* [PROBLEM TO SOLVE]: Under this line are records; the part from the line containing "Тук имаме наистина" through the line containing "Brinco composto por" should be repeated exactly. Please exclude pictures.

* [Dataset excerpts]:
────────────────────────────────────────

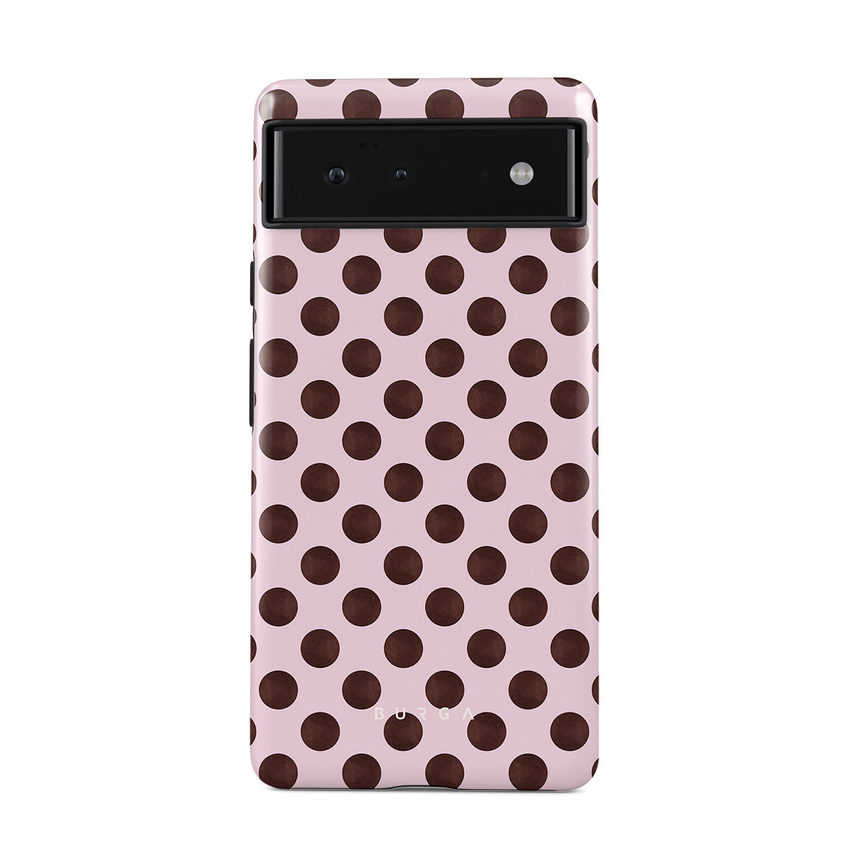 This design features: a retro polka dot pattern, pink background with brown polka dots.
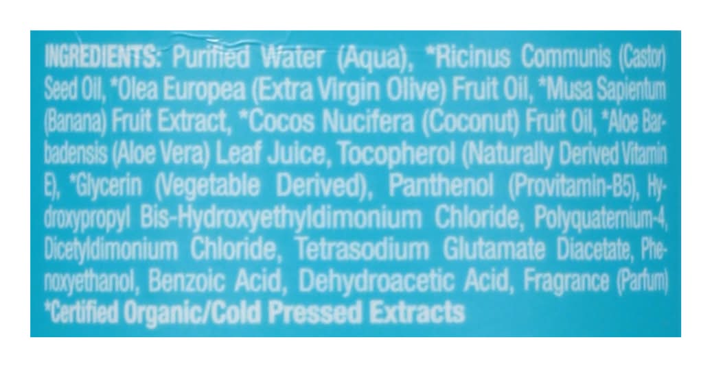 Ingredients: Purified Water (Aqua), Ricinus Communis (Castor) Seed Oil (Certified Organic/Cold Pressed Extracts), Olea Europea (Extra Virgin Olive) Fruit Oil (Certified Organic/Cold Pressed Extracts), Musa Sapientum (Banana) Fruit Extract (Certified Organic/Cold Pressed Extracts), Cocos Nucifera (Coconut) Fruit Oil (Certified Organic/Cold Pressed Extracts), Aloe Barbadensis (Aloe Vera) Leaf Juice (Certified Organic/Cold Pressed Extracts), Tocopherol (Naturally Derived Vitamin E), Glycerin (Vegetable Derived) (Certified Organic/Cold Pressed Extracts), Panthenol (Provitamin-B5), Hydroxypropyl Bis-Hydroxyethyldimonium Chloride, Behentrimonium Chloride, Polyquaternium-4, Dicetyldimonium Chloride, Tetrasodium Glutamate Diacetate, Phenoxyethanol, Benzoic Acid, Dehydroacetic Acid, Fragrance (Parfum)
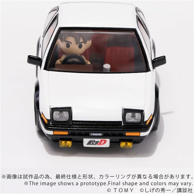 Collection Toy (Passenger Car / Ready-to-Display) Cute and Cool! Deformed Display Model “Q VILLAGE” Series Rooted in “Choro-Q,” this hobby series offers a cute and cool world. A complete display model set featuring a stylized car and mini-figure. From the popular manga Initial D, this set includes the Toyota AE86 TRUENO and Takumi Fujiwara. The body can be removed to place the mini-figure inside the AE86 TRUENO. Enjoy imagining scenes and displaying it. ※Does not feature a pull-back function. Contents AE86 TRUENO Main Body (1), Light Parts (for closed position) (2), Mini-Figure Takumi Fujiwara (1) (C) TOMY (C) Shuichi Shigeno / Kodansha
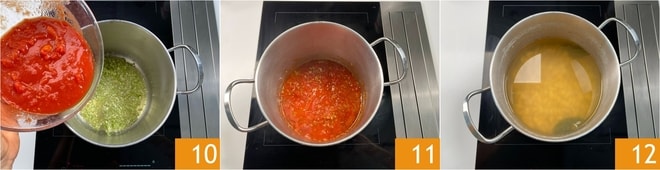 Quando o refogado estiver bem dourado, mas não queimado, retire o alho e adicione os tomates pelados 10. Deixe cozinhar por cerca de dez minutos. Neste ponto, os feijões estarão cozidos 12.
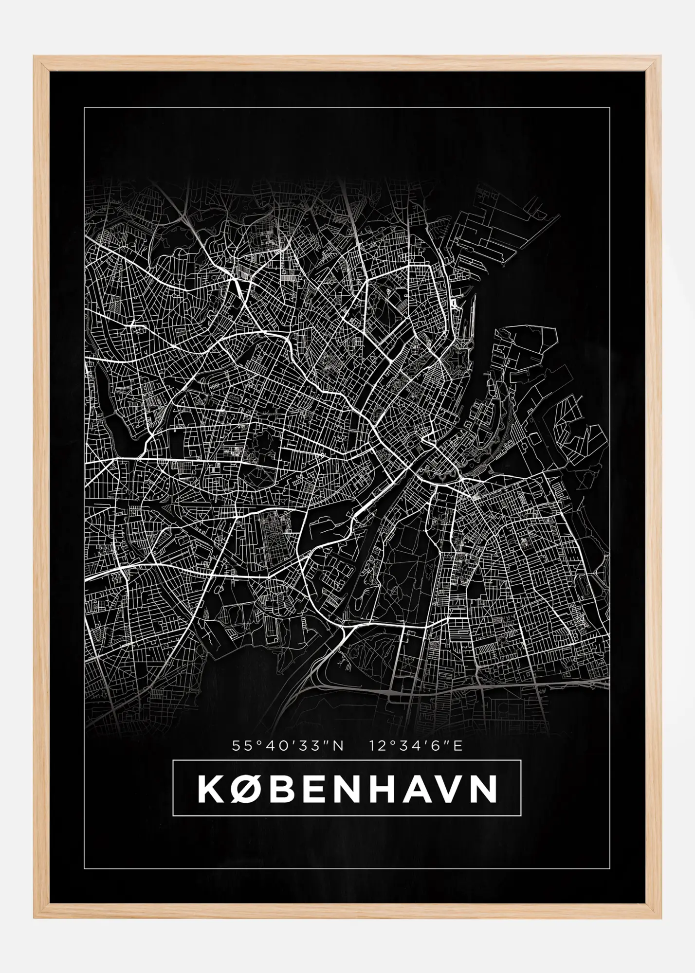 Тук имаме наистина впечатляваща градска карта на Копенхаген в черно и бяло. Тук виждаме цялата улична мрежа на града в минималистичен формат, която се простира от север на юг. Горната и долната част на картината се размиват и белите линии изчезват към черния фон. Във вътрешността на по-широк черен марж се намира тънка бяла рамка. Долу на картината е изписано Копенхаген на датски за правилното усещане и над него са написани координатите на града. Бялата рамка, която обгражда картата, също обгражда и името на града. Този постер с карта създава наистина впечатляващи контрасти и добавя наистина приятно усещане за тежест на мястото си. Истински привличащ погледа!
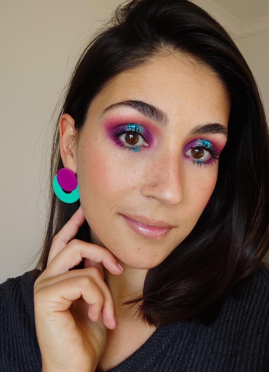 Brinco composto por duas peças de cores diferentes sobrepostas.
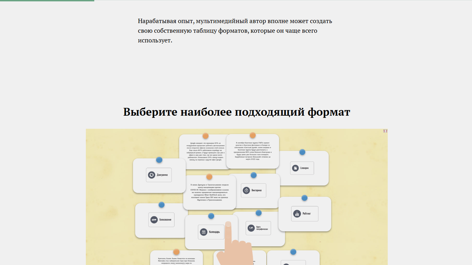 Пытаясь оформить материалы «покрасивее», можно перестараться с украшательством — и тогда оформление лонгрида будет лишь отвлекать студентов от содержания, а не помогать его воспринять, понять и запомнить.
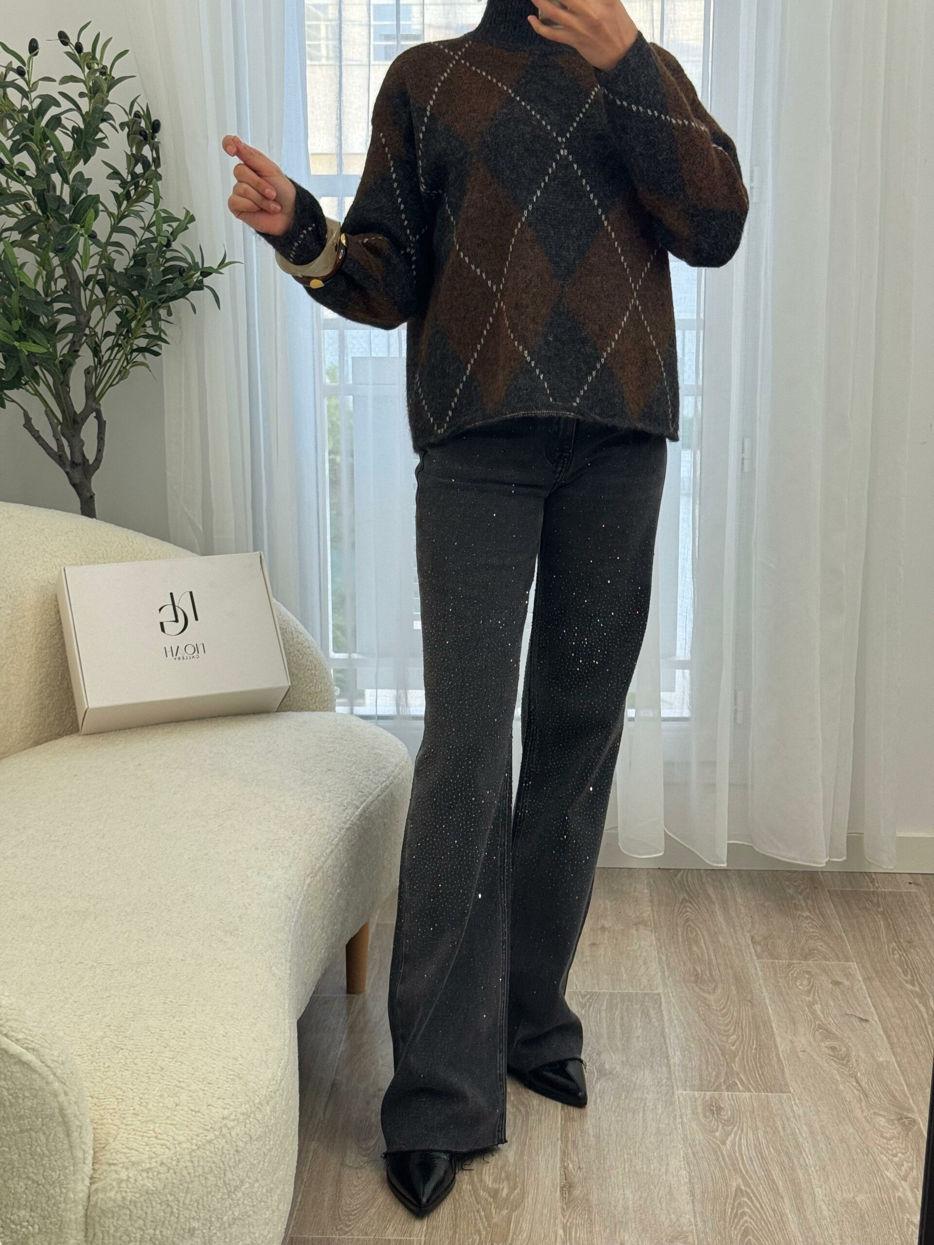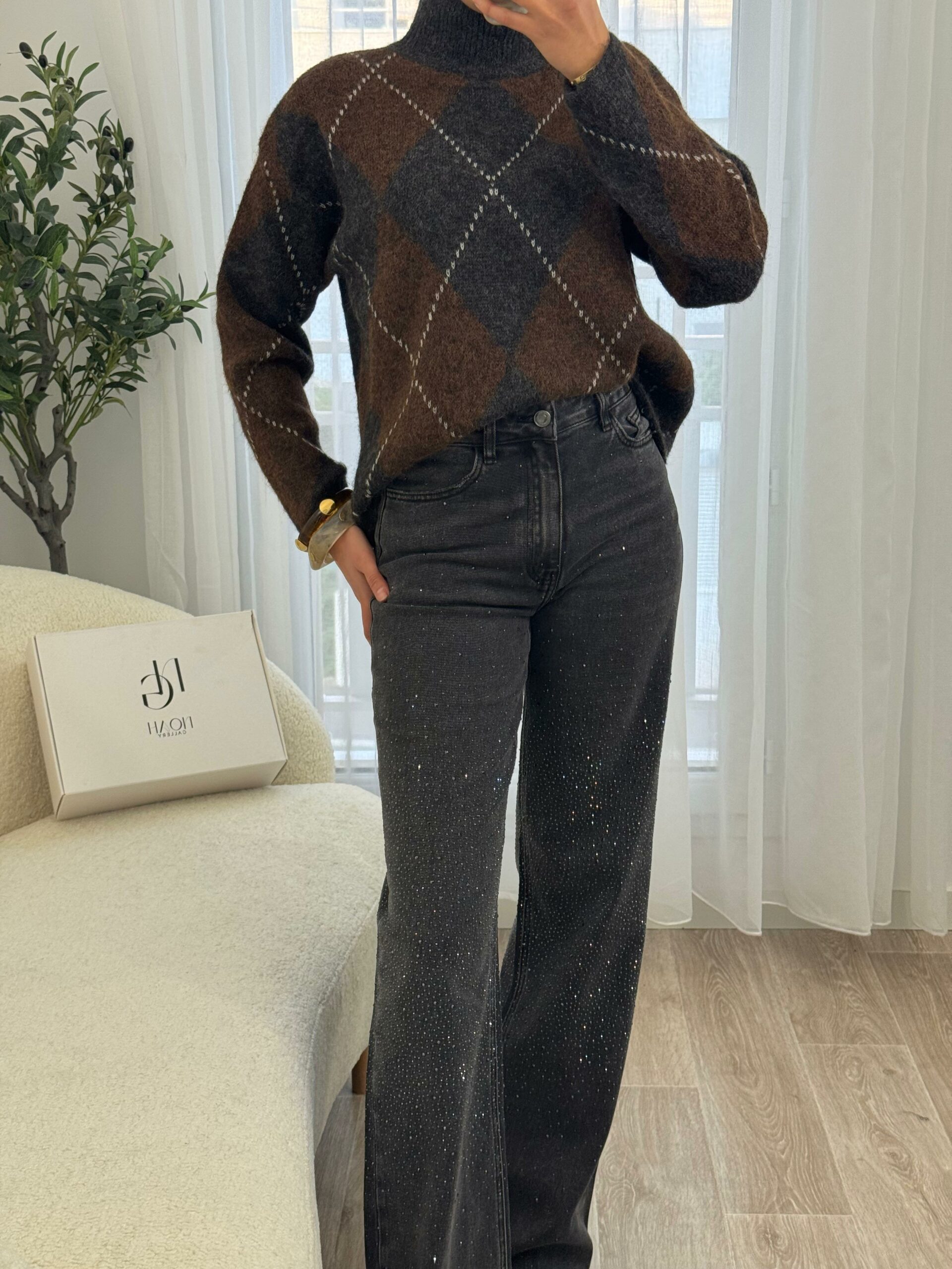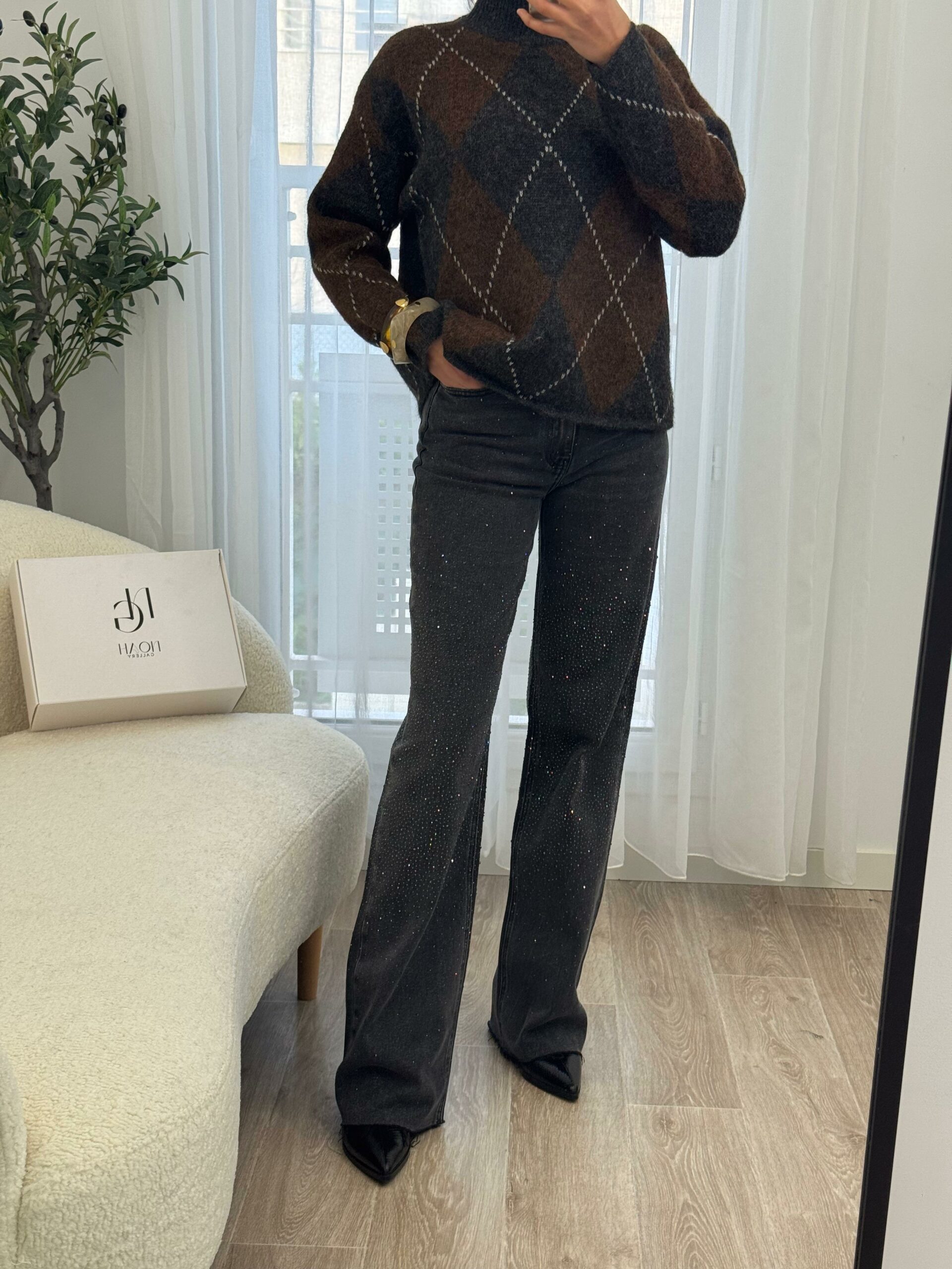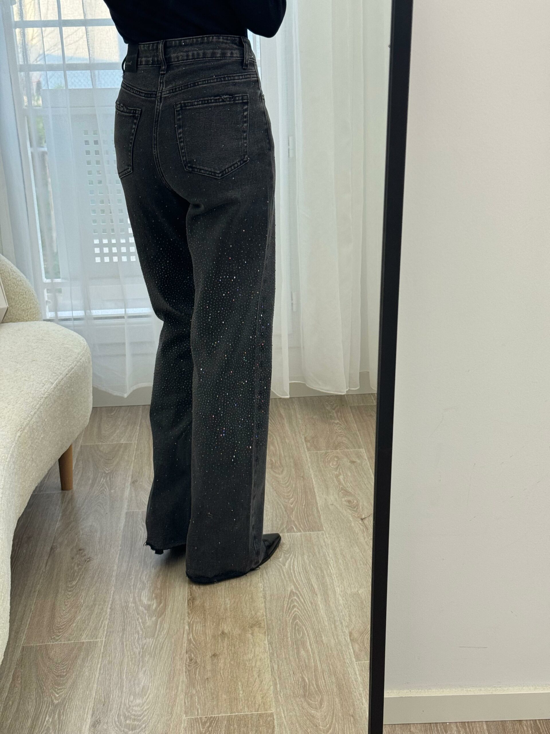 Ce jean gris orné de strass allie parfaitement élégance et modernité. Sa coupe flatteuse met en valeur la silhouette, tandis que les détails scintillants apportent une touche glamour et raffinée. Confortable et tendance, il se porte aussi bien avec un top simple pour un look chic décontracté qu’avec une pièce plus habillée pour une tenue sophistiquée. Un jean audacieux qui illumine votre style en toute occasion. ✨
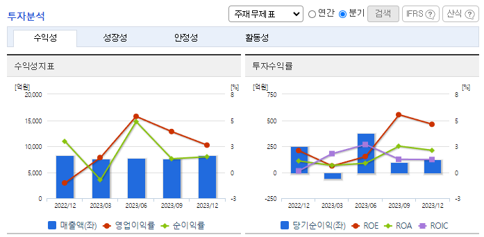 -2023년 12월 전년동기 대비 연결기준 매출액은 3.6% 증가, 영업이익은 3.9% 증가, 당기순이익은 132.9% 증가. 육가공사업부는 계열화와 직영 농장 확대를 통해 돼지 사육두수가 증가하여 매출액은 증가하였으나 사료가격 인상, 질병 및 디팝 등으로 매출원가가 상승하여 영업실적은 감소함. 배합사료 시장은 곡물의 영향도가 높지만 원재료 가격 변동이 판가에 조정이 되므로 마진율은 유지되는 성향이 있어서 수익성은 유지되고 있음.
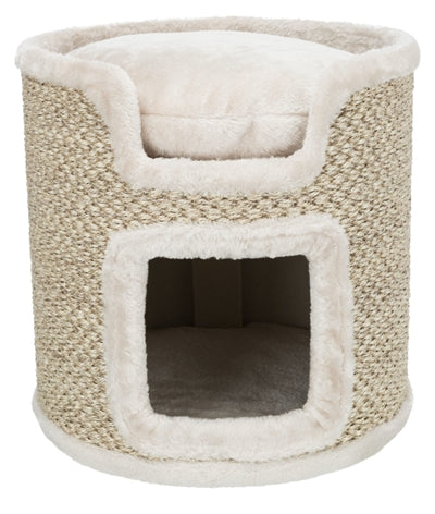 De ligplateaus zijn gevoerd voor meer comfort en het bijgeleverde wendbare kussen zorgt ervoor dat jouw kat heerlijk zacht kan wegdromen. De schuilplaats onderop is bekleed met lekker zacht pluche en fleece en aan de buitenkant is de ton bekleed met sisal, om jouw kat genoeg krabmogelijkheden te bieden.

────────────────────────────────────────

* [SOLUTION BELOW]:
 Тук имаме наистина впечатляваща градска карта на Копенхаген в черно и бяло. Тук виждаме цялата улична мрежа на града в минималистичен формат, която се простира от север на юг. Горната и долната част на картината се размиват и белите линии изчезват към черния фон. Във вътрешността на по-широк черен марж се намира тънка бяла рамка. Долу на картината е изписано Копенхаген на датски за правилното усещане и над него са написани координатите на града. Бялата рамка, която обгражда картата, също обгражда и името на града. Този постер с карта създава наистина впечатляващи контрасти и добавя наистина приятно усещане за тежест на мястото си. Истински привличащ погледа!
 Brinco composto por duas peças de cores diferentes sobrepostas.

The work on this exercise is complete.